**PROVIDED ENTRIES**
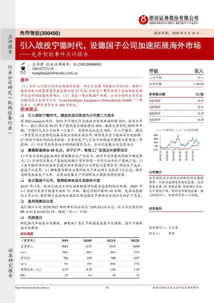 浙商证券:先导智能事件点评报告:引入战投宁德时代,设德国子公司加速拓展海外市场.pdf
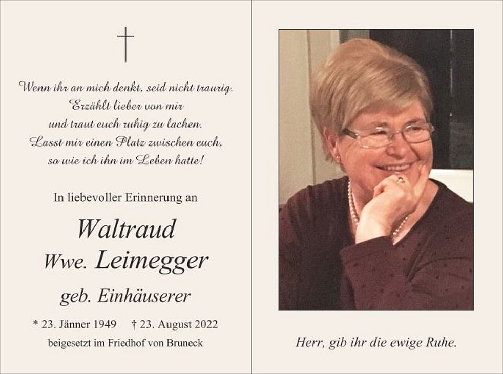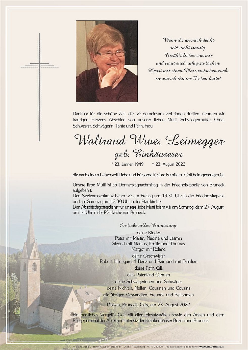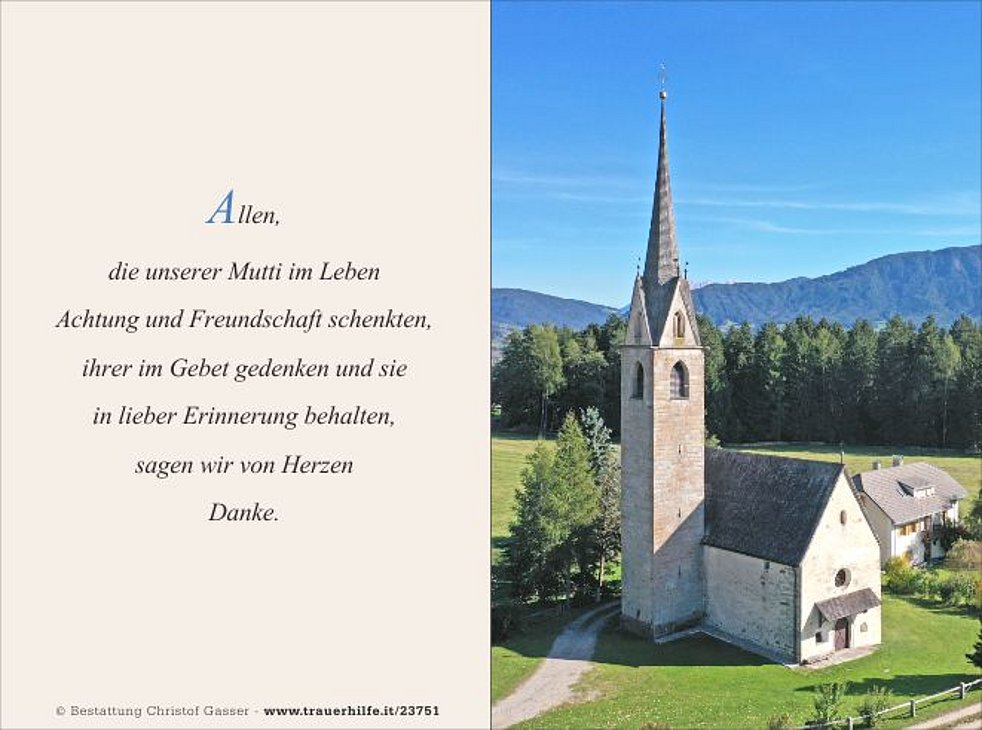Den Abschiedsgottesdienst für unsere liebe Mutti feiern wir am Samstag, dem 27. August, um 14 Uhr in der Pfarrkirche von Bruneck.
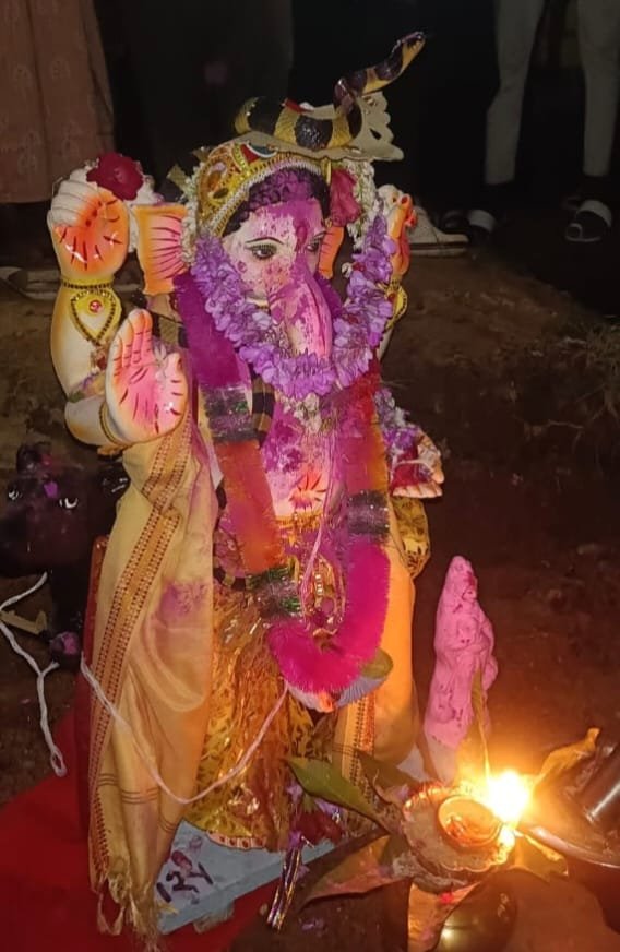 सर्पराज ने प्रतिमा के ऊपर से एक चक्कर घूमने के बाद काफी देर तक प्रतिमा से लिपटे रहे, और फिर अपने आप ही वहां से चले गए। इसके बाद ग्रामवासियों ने मूर्ति को नदी में विसर्जित किया। ग्रामीणों ने इस घटना को गणेश भगवान की कृपा और चमत्कार माना है।
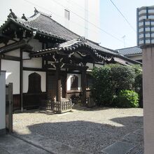 外苑西通り・大木戸坂下信号近くに建つ浄土宗の寺院です。裏門にあたる木造の門は趣が感じられ、本堂には唐破風と花頭窓が備えられています。本堂から庫裡に向かう入口にも木造の門が造られています。周辺の寺は近代的な鉄筋コンクリート造りということもあり、寺らしさが感じられる落ち着いた寺という印象でした。
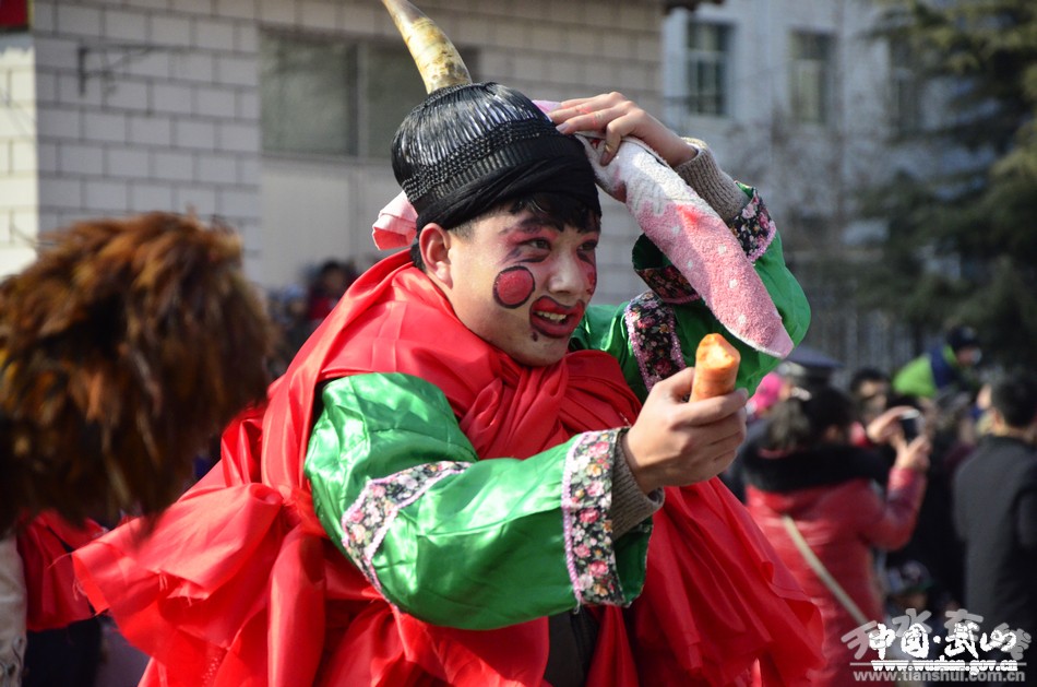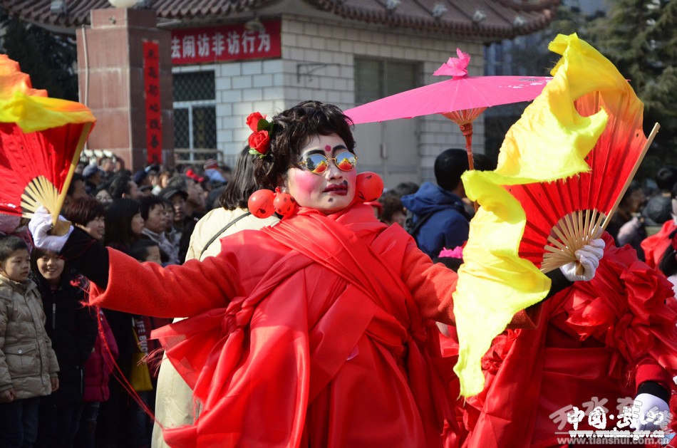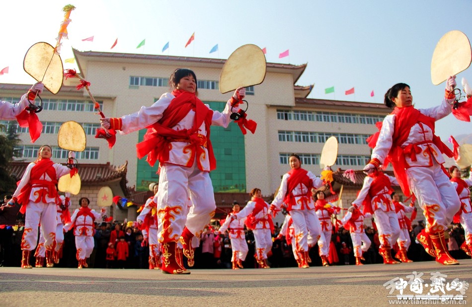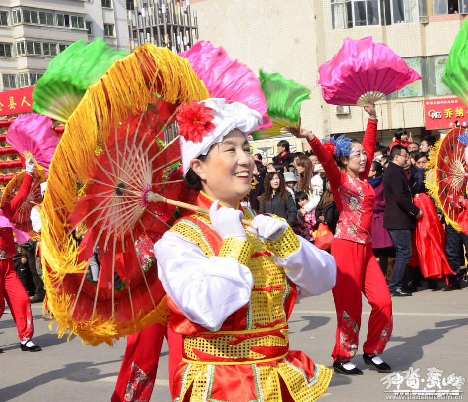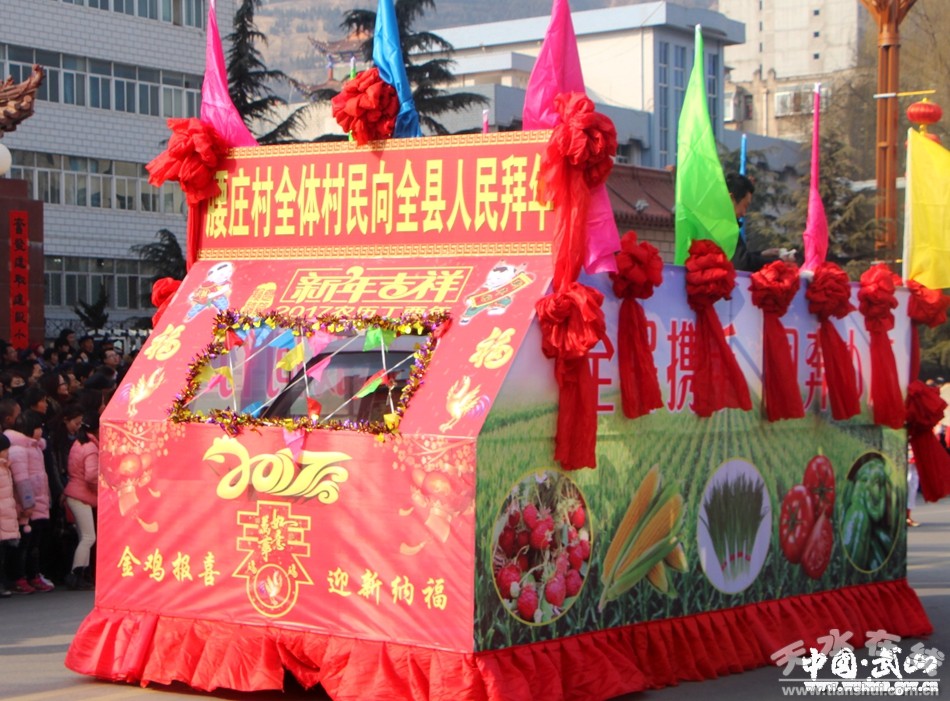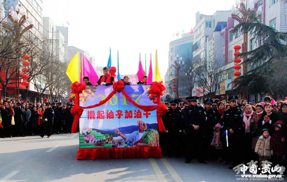 2月11日(農(nóng)歷正月十五),武山縣2017年春節(jié)秧歌社火匯演熱鬧上演。來(lái)自城關(guān)東關(guān)、渭北社區(qū)、灘歌代溝、龍臺(tái)東溝、山丹周莊、洛門西康等鄉(xiāng)村的20余支社火表演隊(duì)帶著新春的問候和祝福,踏著幸福的鼓點(diǎn),扭起歡快的秧歌,整裝齊聚,歡歌起舞。成千上萬(wàn)名群眾從四面八方涌來(lái),爭(zhēng)相觀看這一年一度最接地氣、最具年味的民間藝術(shù)表演。
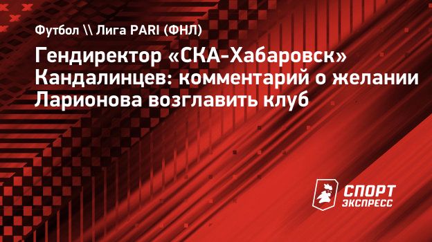 Генеральный директор «СКА-Хабаровск» Алексей Кандалинцев в разговоре с «СЭ» отреагировал на слова главного тренера хоккейного СКА Игоря Ларионова о желании возглавить футбольную команду.
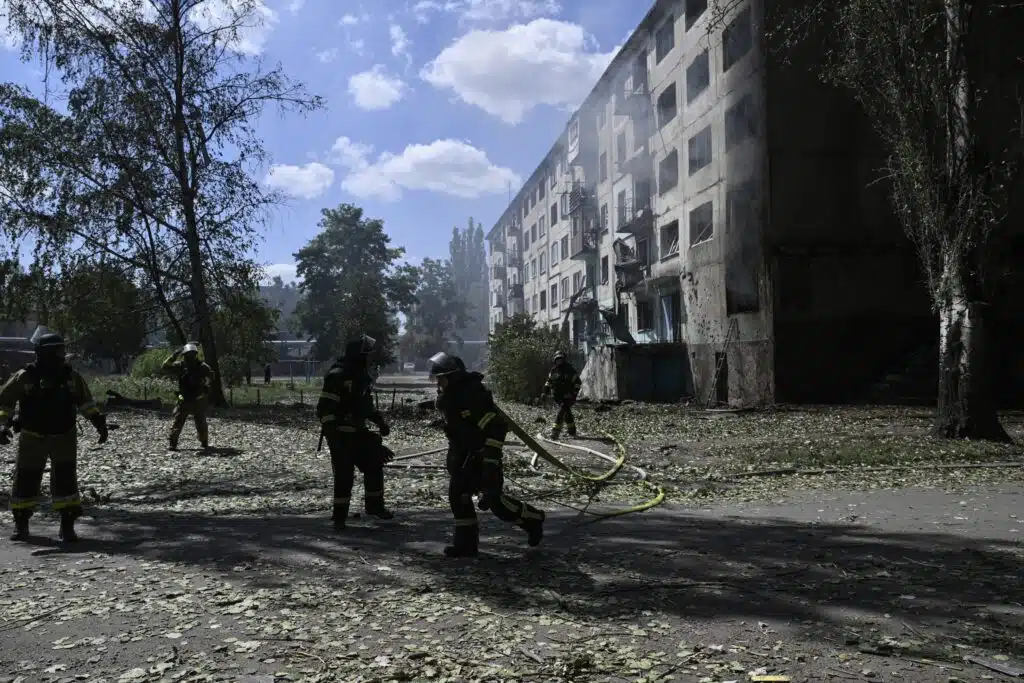Ukrainian firefigters extinguish fire in a residential building at the site of a Russian drone strike in the town of Bilozerske, Donetsk region on August 10, 2025, amid the Russian invasion of Ukraine. Genya SAVILOV / AFP
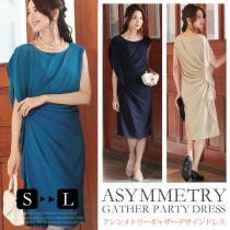 あす楽 パーティードレス 結婚式 ドレス 大きいサイズ アシンメトリー ギャザーデザイン パーティードレス 3サイズ S M L 結婚式ドレス
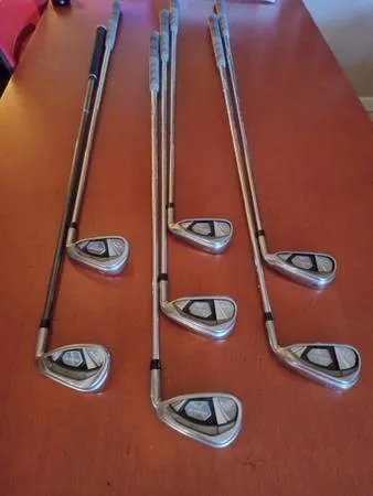 480-203-0123 ….Private Seller... No Tax... Save $$$$... Play it Today…... Call Text or Email JACK for More Info...Thank You….. 480-203-0123 ************************************************************************************************************************ THESE IRONS ARE FORGIVING AND LONG........... A CAVITY-BACK, PERIMETER-W 8 ED DESIGN ON THIS IRON SET CREATES THE LARGEST SWEET SPOT POSSIBLE. 8 EXCELLENT TAYLORMADE SPEEDBLADES 5-9 PWAWSW REGULAR FLEX GRAPHITE IRONS WITH LIKE NEW...
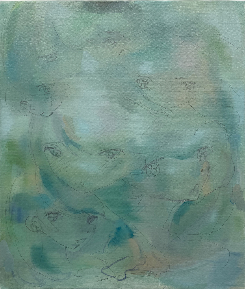 アクリル絵具、油絵具、色鉛筆/キャンバス

**PROBLEM REQUIREMENTS**
What is needed is an exact copy of the lines above from the one with "Ukrainian firefigters extinguish" to the one with "あす楽 パーティードレス 結婚式", both ends kept, and nothing more; please leave the pictures out.

**RESPONSE AREA**
Ukrainian firefigters extinguish fire in a residential building at the site of a Russian drone strike in the town of Bilozerske, Donetsk region on August 10, 2025, amid the Russian invasion of Ukraine. Genya SAVILOV / AFP
 あす楽 パーティードレス 結婚式 ドレス 大きいサイズ アシンメトリー ギャザーデザイン パーティードレス 3サイズ S M L 結婚式ドレス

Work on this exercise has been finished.